*** Opening COLLECTED DATA ***

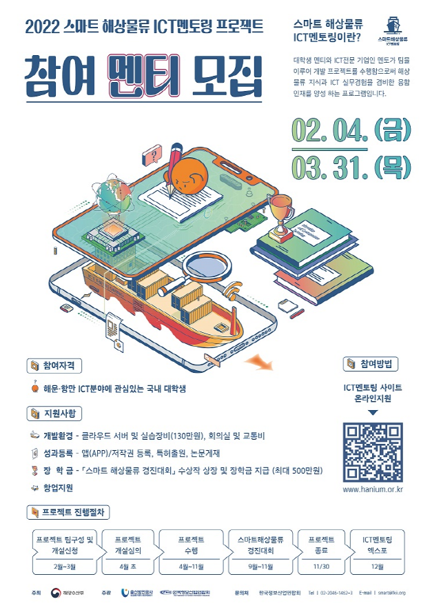● 사업명 : 스마트 해상물류 x ICT멘토링 ● 사업개요 : 산업현장 실무형 프로젝트를 통하여 ICT와 해상물류 분야 융합인재 양성 ● 모집개요 - 참여자격 : 국내 대학교 재학생 누구나 (휴학생, 수료생 가능) ● 지원사항 : 팀 지원비 130만원, 오프라인 팀미팅(회의실 및 교통비), 성과등록(특허출원, 논문게재, 앱등록, 프로그램 저작권), 창업연계 등 ● 참여방법 : ICT멘토링 사이트(hanium.or.kr) 회원가입 후 '스마트해상물류' 프로젝트 공고 및 참여 신청 ● 문의 : 한국정보산업연합회 스마트해상물류사무국 (tel: 02-2046-1462~3, e-mail: smart@fkii.org)
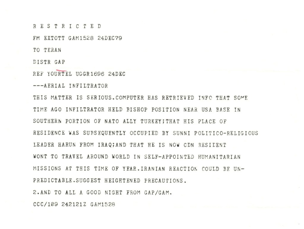 On December 24, 1979, a telegram went out from Ambassador Ken Taylor at the Canadian Embassy in Tehran to Michael Shenstone, director-general of African and Middle Eastern Affairs at External Affairs in Ottawa. The two men had been in frequent, near daily contact, since the houseguests had arrived, with Shenstone working on the Ottawa side to coordinate strategies to shelter and protect the Americans. The subject header of the telegram was ominous:
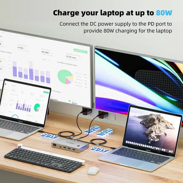 MST FunctionExperience ultimate convenience: each laptop connects to this KVM switch dual monitor USB C with just one full-featured USB-C cable to drive two HDMI displays. This KVM switch 2 monitor 2 computer USB C utilizes MST technology. Windows laptops support two independent screens, while macOS (without MST) only duplicates the same image. Mac M1/M2 does not support dual external displays. Please verify your specific Mac model supports dual displays ^^ Stunning 4K@60Hz Visuals & 5Gbps Data TransferEnjoy crystal-clear, high-resolution visuals. This USB C KVM switch 2 monitors 2 computers delivers up to 4K@60Hz with deep color 4:4: 4 support different resolutions. The integrated hub offers 5Gbps transfer speeds and securely connects keyboards, mice, and storage. For the better signal integrity, we recommend using high-quality, shorter USB C/HDMI cables with this dual monitor KVM switch USB C ^^ 80W PD Fast Charging & 2 Switching MethodsKCEVE USB C KVM switch charges your laptop during work. This KVM switch USB C HDMI provides up to 80W of PD fast charging for your laptop via its PD port (requires your own PD 100W adapter). Switch between your two computer in seconds using the KVM laptops panel button or included 1.5 m wired remote. An LED clearly indicates the active source ^^
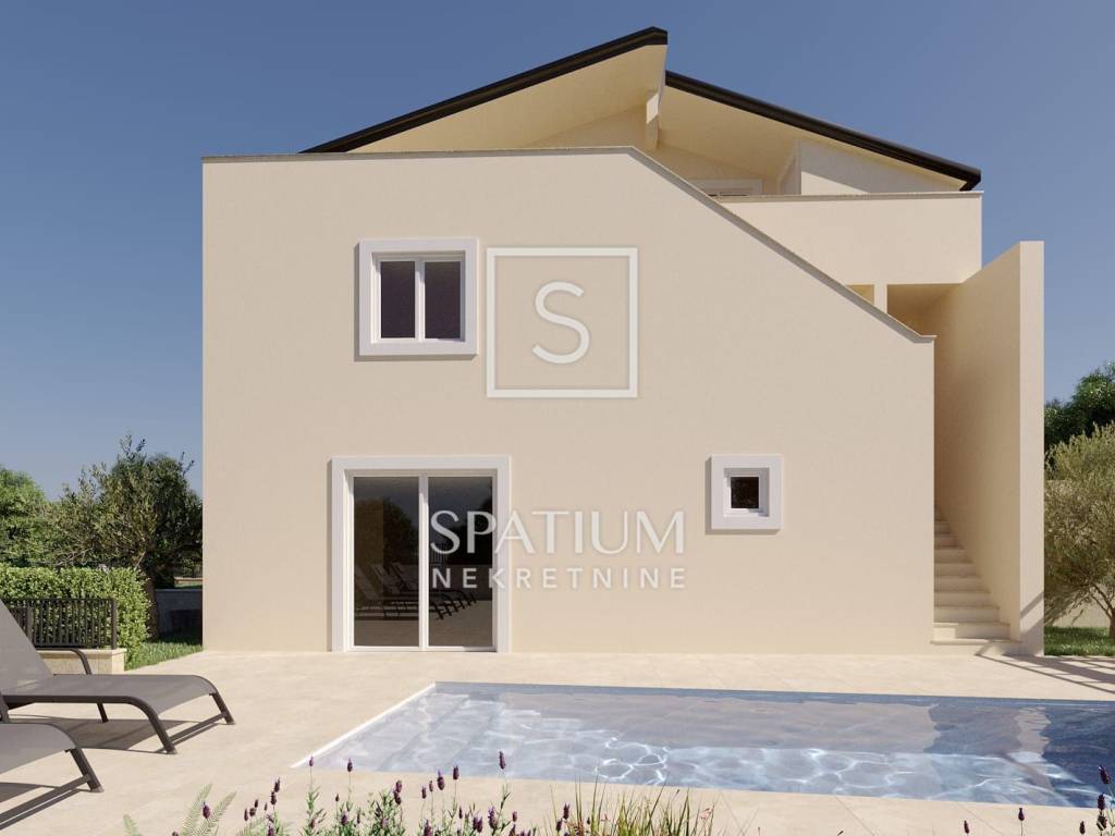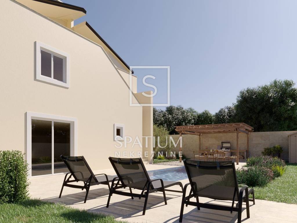 Zasebnim ulazom i privatnim dvorištem koje uključuje bazen, ljetnu kuhinju s blagovaonicom na otvorenom te roštilj, ovaj stan pruža potpuni mir i privatnost budućim stanarima. Smješten na rubu naselja, omogućuje uživanje u mirnom i opuštajućem okruženju.

*** Closing COLLECTED DATA ***

• ABOUT THIS TASK:
Return the listing above word for word, with the pictures removed.

• YOUR SOLUTION:
● 사업명 : 스마트 해상물류 x ICT멘토링 ● 사업개요 : 산업현장 실무형 프로젝트를 통하여 ICT와 해상물류 분야 융합인재 양성 ● 모집개요 - 참여자격 : 국내 대학교 재학생 누구나 (휴학생, 수료생 가능) ● 지원사항 : 팀 지원비 130만원, 오프라인 팀미팅(회의실 및 교통비), 성과등록(특허출원, 논문게재, 앱등록, 프로그램 저작권), 창업연계 등 ● 참여방법 : ICT멘토링 사이트(hanium.or.kr) 회원가입 후 '스마트해상물류' 프로젝트 공고 및 참여 신청 ● 문의 : 한국정보산업연합회 스마트해상물류사무국 (tel: 02-2046-1462~3, e-mail: smart@fkii.org)
 On December 24, 1979, a telegram went out from Ambassador Ken Taylor at the Canadian Embassy in Tehran to Michael Shenstone, director-general of African and Middle Eastern Affairs at External Affairs in Ottawa. The two men had been in frequent, near daily contact, since the houseguests had arrived, with Shenstone working on the Ottawa side to coordinate strategies to shelter and protect the Americans. The subject header of the telegram was ominous:
 MST FunctionExperience ultimate convenience: each laptop connects to this KVM switch dual monitor USB C with just one full-featured USB-C cable to drive two HDMI displays. This KVM switch 2 monitor 2 computer USB C utilizes MST technology. Windows laptops support two independent screens, while macOS (without MST) only duplicates the same image. Mac M1/M2 does not support dual external displays. Please verify your specific Mac model supports dual displays ^^ Stunning 4K@60Hz Visuals & 5Gbps Data TransferEnjoy crystal-clear, high-resolution visuals. This USB C KVM switch 2 monitors 2 computers delivers up to 4K@60Hz with deep color 4:4: 4 support different resolutions. The integrated hub offers 5Gbps transfer speeds and securely connects keyboards, mice, and storage. For the better signal integrity, we recommend using high-quality, shorter USB C/HDMI cables with this dual monitor KVM switch USB C ^^ 80W PD Fast Charging & 2 Switching MethodsKCEVE USB C KVM switch charges your laptop during work. This KVM switch USB C HDMI provides up to 80W of PD fast charging for your laptop via its PD port (requires your own PD 100W adapter). Switch between your two computer in seconds using the KVM laptops panel button or included 1.5 m wired remote. An LED clearly indicates the active source ^^
 Zasebnim ulazom i privatnim dvorištem koje uključuje bazen, ljetnu kuhinju s blagovaonicom na otvorenom te roštilj, ovaj stan pruža potpuni mir i privatnost budućim stanarima. Smješten na rubu naselja, omogućuje uživanje u mirnom i opuštajućem okruženju.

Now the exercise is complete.